RORA and posttraumatic stress trajectories: main effects and interactions with childhood physical abuse history
Sarah R. Lowe3 
Jacquelyn L. Meyers3 
Sandro Galea5 
Allison E. Aiello1 
Monica Uddin4 
Derek E. Wildman2 
[1] Department of Epidemiology, Gillings School of Global Public Health, University of North Carolina, Chapel Hill, North Carolina;Institute for Genomic Biology, University of Illinois Urbana-Champaign, Urbana, Illinois;Department of Epidemiology, Mailman School of Public Health, Columbia University, New York, New York;Department of Psychology, University of Illinois Urbana-Champaign, Champaign, Illinois;Department of Epidemiology, Boston University School of Public Health, Boston, Massachusetts
Longitudinal studies of posttraumatic stress (PTS) have documented environmental factors as predictors of trajectories of higher, versus lower, symptoms, among them experiences of childhood physical abuse.
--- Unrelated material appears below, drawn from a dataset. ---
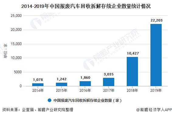 1、中國(guó)報(bào)廢汽車回收拆解存續(xù)企業(yè)數(shù)量猛增 近兩年,我國(guó)報(bào)廢汽車回收拆解存續(xù)企業(yè)數(shù)量猛增。據(jù)企查貓數(shù)據(jù)顯示,2019年,我國(guó)報(bào)廢汽車回收拆解存續(xù)企業(yè)數(shù)量共22203家,較2018年大幅增長(zhǎng)。 2015-2019年,我國(guó)報(bào)廢機(jī)動(dòng)車回收數(shù)量波動(dòng)變化。據(jù)商務(wù)部市場(chǎng)體系建設(shè)司統(tǒng)計(jì)數(shù)據(jù)顯示,2019年,我國(guó)報(bào)廢...

Although it is now well-accepted that genes and environments jointly shape the risk of PTS, no published studies have investigated genes, or gene-by-environment interactions (GxEs), as predictors of PTS trajectories. The purpose of this study was to fill this gap.
Methods and Materials
We examined associations between variants of the retinoid-related orphan receptor alpha (RORA) gene and trajectory membership among a sample of predominantly non-Hispanic Black urban adults (N =473). The RORA gene was selected based on its association with posttraumatic stress disorder (PTSD) in the first PTSD genome wide association study. Additionally, we explored GxEs between RORA variants and childhood physical abuse history.
Results
We found that the minor allele of the RORA SNP rs893290 was a significant predictor of membership in a trajectory of consistently high PTS, relatively to a trajectory of consistently low PTS. Additionally, the GxE of rs893290 with childhood physical abuse was significant. Decomposition of the interaction showed that minor allele frequency was more strongly associated with membership in consistently high or decreasing PTS trajectories, relative to a consistently low PTS trajectory, among participants with higher levels of childhood physical abuse.
Conclusion
The results of the study provide preliminary evidence that variation in the RORA gene is associated with membership in trajectories of higher PTS and that these associations are stronger among persons exposed to childhood physical abuse. Replication and analysis of functional data are needed to further our understanding of how RORA relates to PTS trajectories.